Invercargill has been served by a licensing trust for the past 60-odd years and their restaurants are always good for a casual meal. Saucy Chef at The Northern on St Andrew St is known for its excellent menu options, from battered sweetbreads to a traditional surf and turf with eton mess or baked alaska for dessert.

Bluff oysters are an essential eating experience in Southland. Photo / Babiche Martens
Bluff oysters are an essential eating experience in Southland. Photo / Babiche Martens

Outside the city you'll find plenty of eateries well worth the drive.

In Lochiel near Winton, the aptly named Hideaway offers smart, cosmopolitan food in idyllic surroundings while at Yesteryears Museum and cafe in Tuatapere you can enjoy a hot chocolate or toasted sandwich to the accompaniment of Elvis, on vinyl, rotating on a vintage radiogram.

Over in Gore, see if you can score an invitation from an RSA member to dine at their club where Kiwi cuisine reigns supreme and if you're lucky, somewhere along the way you might score a feed of whitebait fritters.

Back in Invercargill, check out the fabulous new Bill Richardson Transport World and enjoy a snack in charmingly recreated interiors of genuine 1970s houses with Formica tables, padded kitchen chairs and vintage accessories.

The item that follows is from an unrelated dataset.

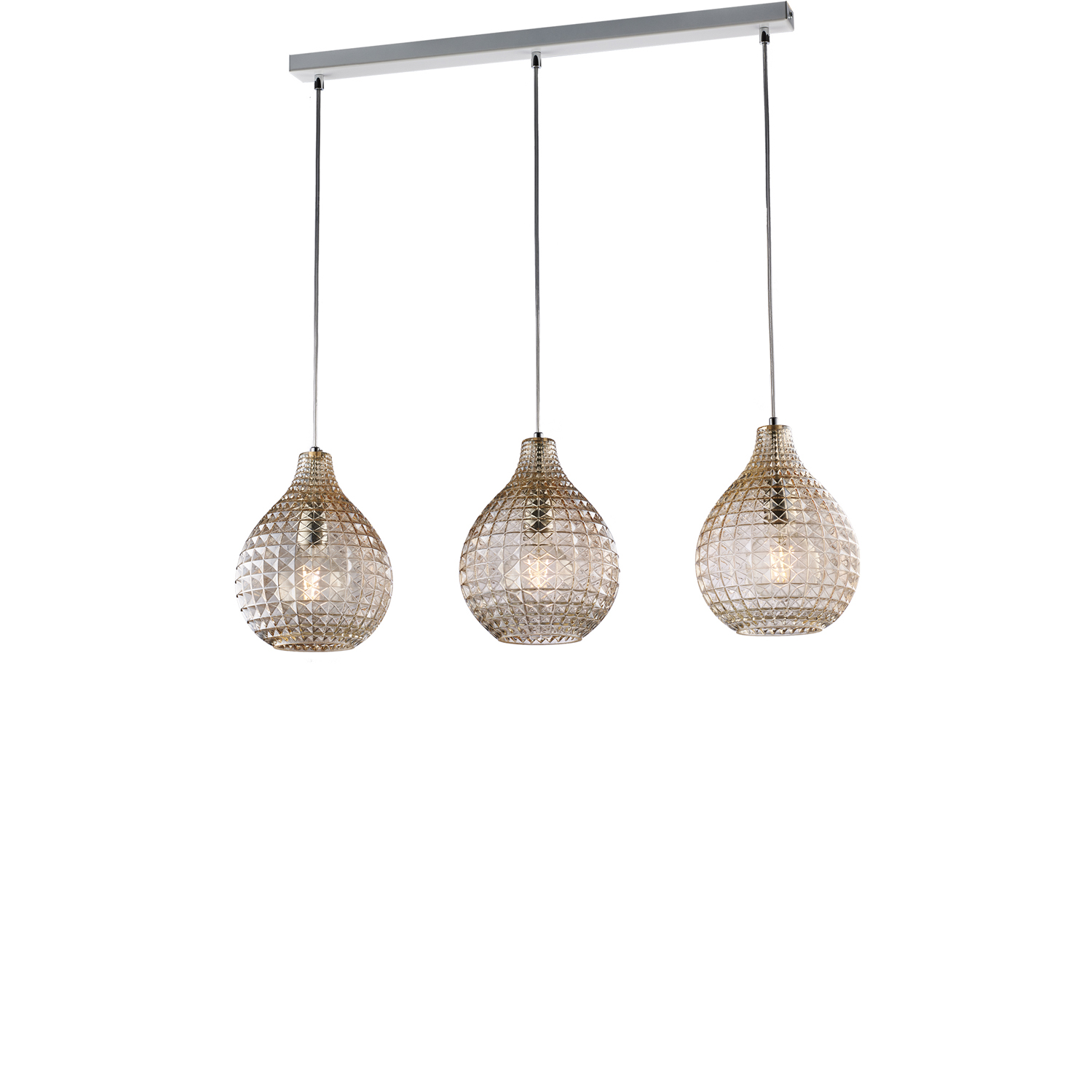 Collezione DiamanteELEGANTE E VERSATILESospensione a 3 luci con rosone in ferro laccato bianco e cavo elettrico regolabile.. Diffusori in vetro soffiato ambra con de..
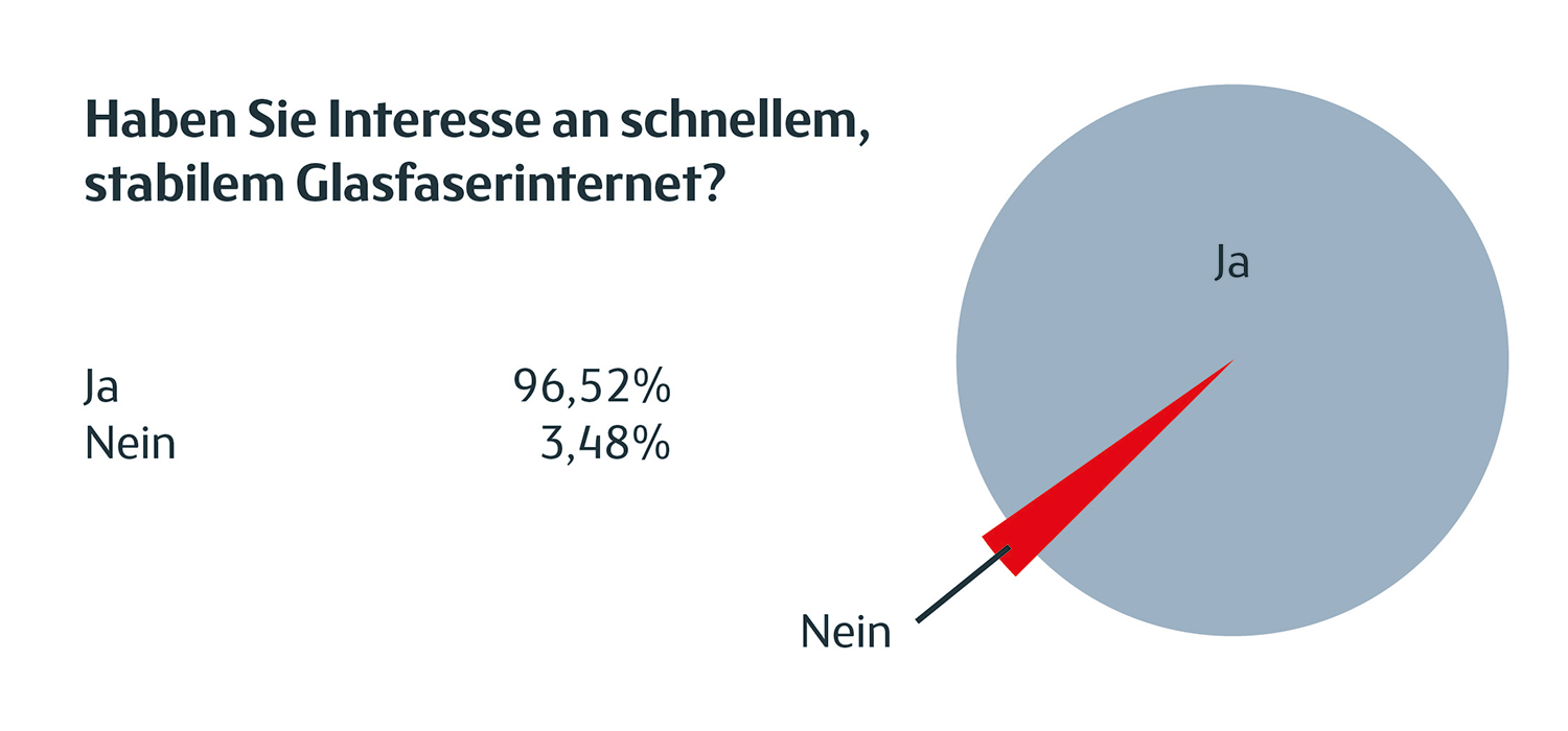 Über 96 % der Teilnehmer an der Umfrage haben großes Interesse an einem schnellen und stabilen Glasfasernetz.

And you can't leave Southland without sampling a couple of buttery cheese rolls from the Copper Kettle cafe at H&J Smith's department store, where Kiwi classics such as lamingtons, custard slice and lolly cake, are also on offer.

Many lively discussions about the best recipe for cheese rolls have been had but while you can actually make them anywhere, believe me when I say that they'll never taste as good as those created and consumed beneath southern skies.

Savour the South

From sheep's milk to sweetbreads, swedes to seaweed, salmon to saison, Southland is a foodie's dream. Visit one of the cafes, delis, restaurants or taverns for a southern take on some of the finest and freshest ingredients in the world.

Southland is where you will find the best cheese roll.
Southland is where you will find the best cheese roll.

Bluff OystersGrown slowly in the cool, clean waters of Foveaux Strait, the Bluff oyster is a New Zealand delicacy. In May the Bluff Oyster and Food Festival celebrates this southern delight with a day-long event full of great local food, entertainment and more.

Invercargill Craft Take a guided tour through the Invercargill Brewery and discover that good beer is so much more than just bending your elbow. Visit Blue River Dairy, Southland's sheep milk cafe, where you can taste cheeses and the best cheese roll in Southland. Try your hand at chocolate making at the Seriously Good Chocolate Company.

Chocolates from the Seriously Good Chocolate Company in Invercargill.
Chocolates from the Seriously Good Chocolate Company in Invercargill.



Air New Zealand flies from Auckland to Invercargill via Wellington or Christchurch, with one-way fares starting from $128.